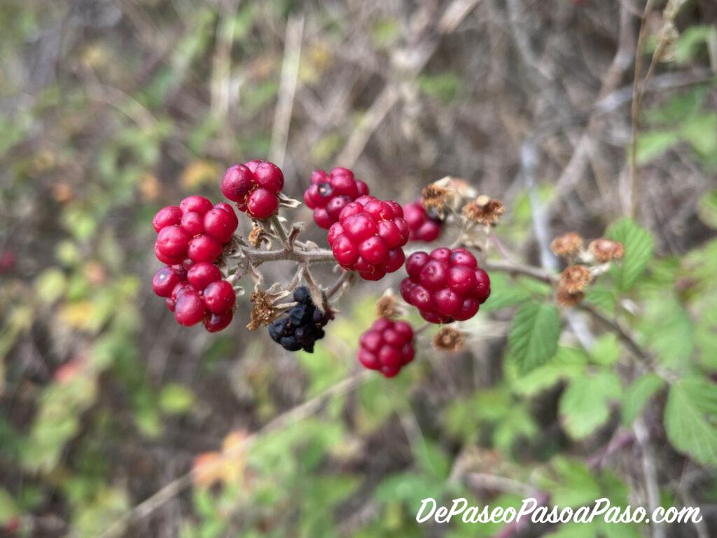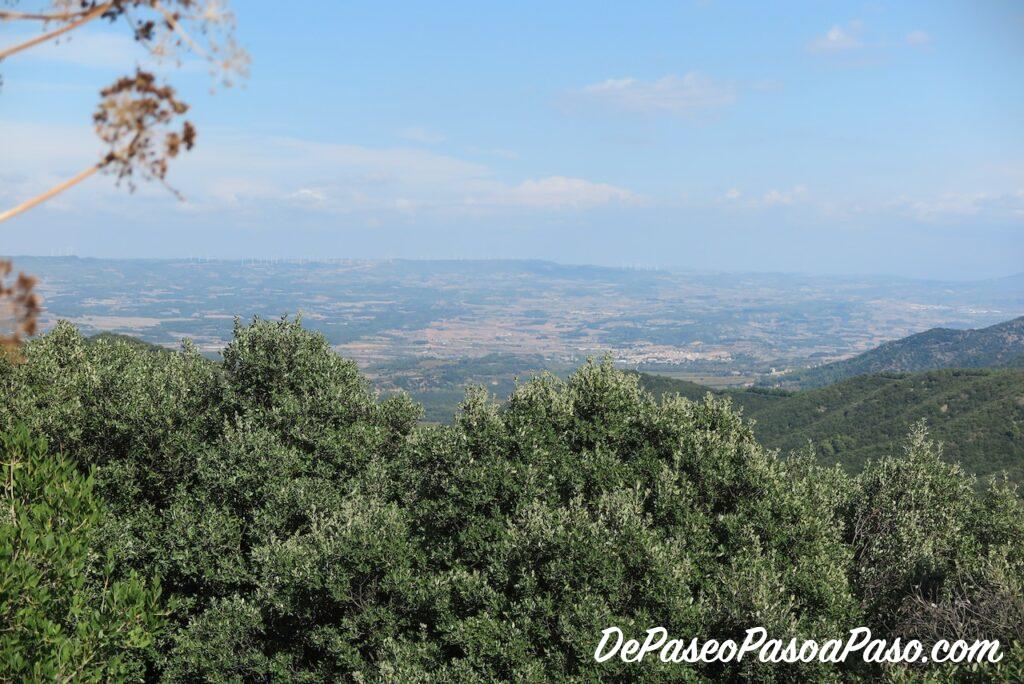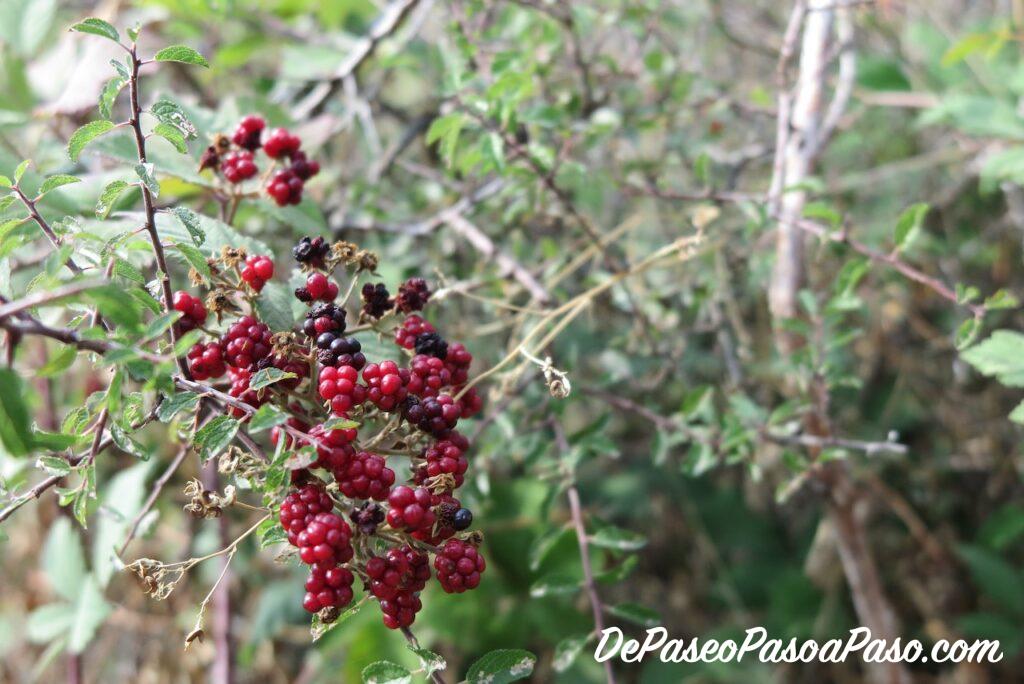El camino comienza transitando por una senda despejada y cuesta arriba, con una bonita vista de las montañas hacia la izquierda. A los lados del camino vamos encontrando castaños y moras.
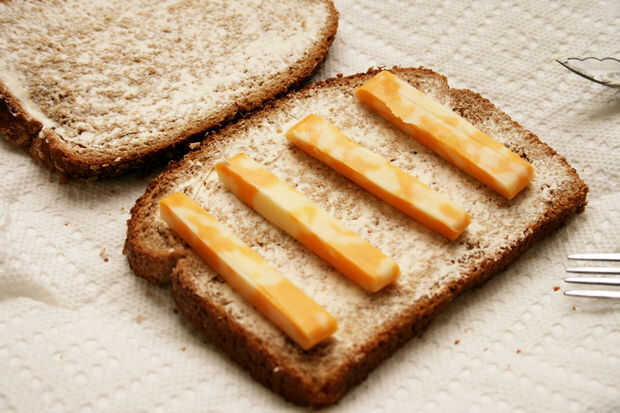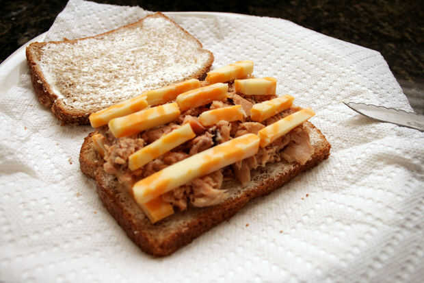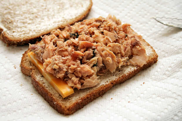 3. sacar de su salmón enlatado sobre el queso y pan rebanado
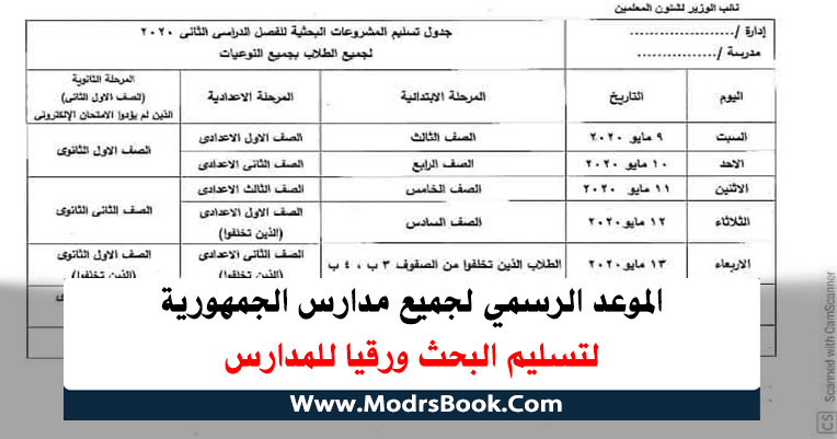 رسميا جدول مواعيد تسليم الأبحاث لجميع صفوف ابتدائي واعدادي لجميع المدارس
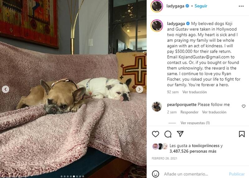 Recordemos que, tras el robo de las mascotas, Lady Gaga ofreció una recompensa de $500,000 dólares para tener de vuelta a Koji y Gustav, días más tarde una mujer entregó a los perros, pero fue acusada de complicidad en los hechos y por recibir bienes robados.
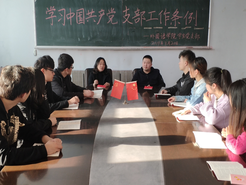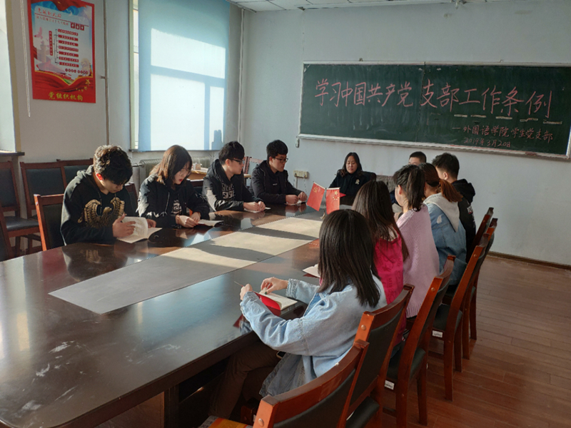 (通讯员:鲍越崎)3月20日下午3点40,英国365集团公司党委副书记王颖群、学生党支部书记赵海涛领导学生党支部成员在外语楼会议室召开了支部党员大会,组织学习《中国共产党支部工作条例》。
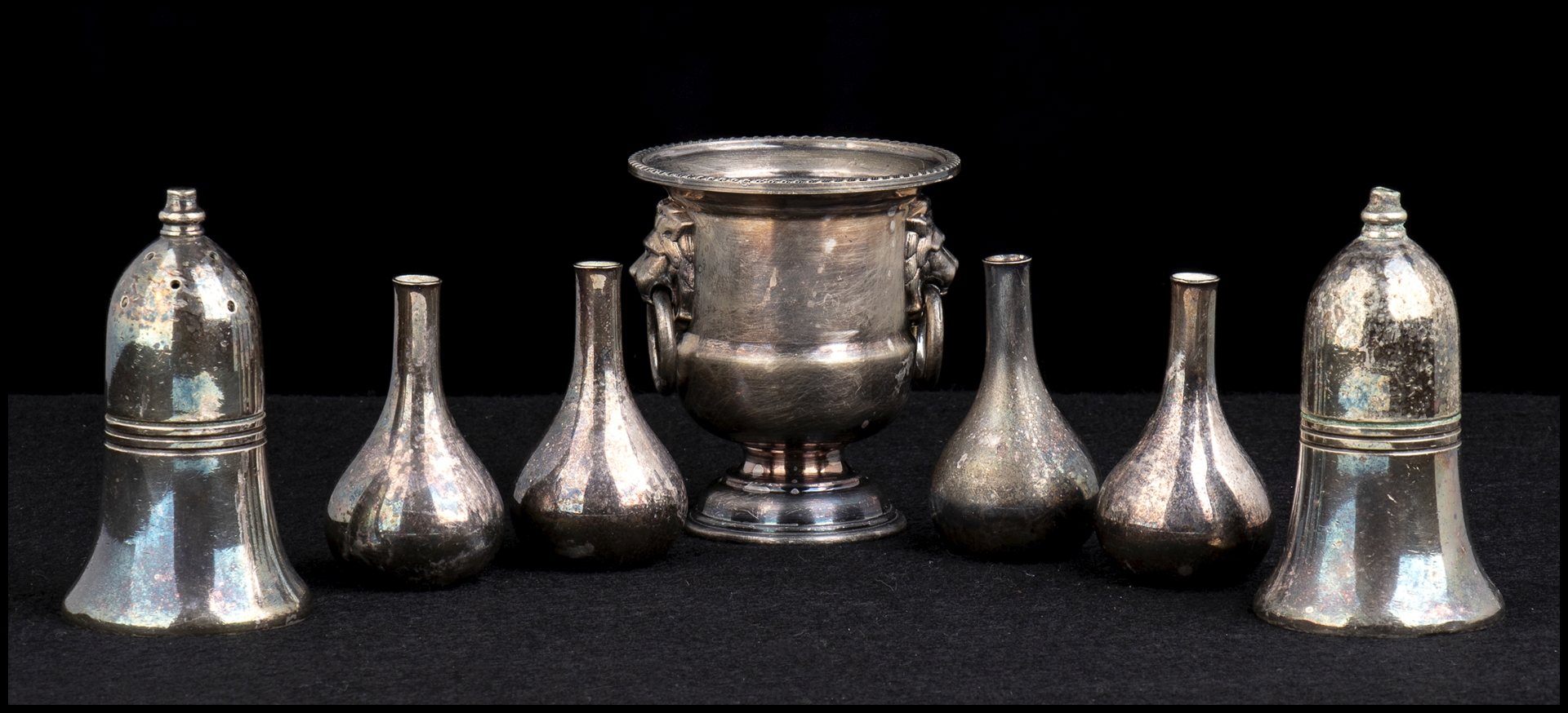 Lot 330 | Lotto di set con segnaposto, sale e pepe in lega argentata

+++

• **WORK TO BE COMPLETED**:
Give back all of the material exactly, though without the images it contains.

• **TASK RESPONSE**:
El camino comienza transitando por una senda despejada y cuesta arriba, con una bonita vista de las montañas hacia la izquierda. A los lados del camino vamos encontrando castaños y moras.
 3. sacar de su salmón enlatado sobre el queso y pan rebanado
 رسميا جدول مواعيد تسليم الأبحاث لجميع صفوف ابتدائي واعدادي لجميع المدارس
 Recordemos que, tras el robo de las mascotas, Lady Gaga ofreció una recompensa de $500,000 dólares para tener de vuelta a Koji y Gustav, días más tarde una mujer entregó a los perros, pero fue acusada de complicidad en los hechos y por recibir bienes robados.
 (通讯员:鲍越崎)3月20日下午3点40,英国365集团公司党委副书记王颖群、学生党支部书记赵海涛领导学生党支部成员在外语楼会议室召开了支部党员大会,组织学习《中国共产党支部工作条例》。
 Lot 330 | Lotto di set con segnaposto, sale e pepe in lega argentata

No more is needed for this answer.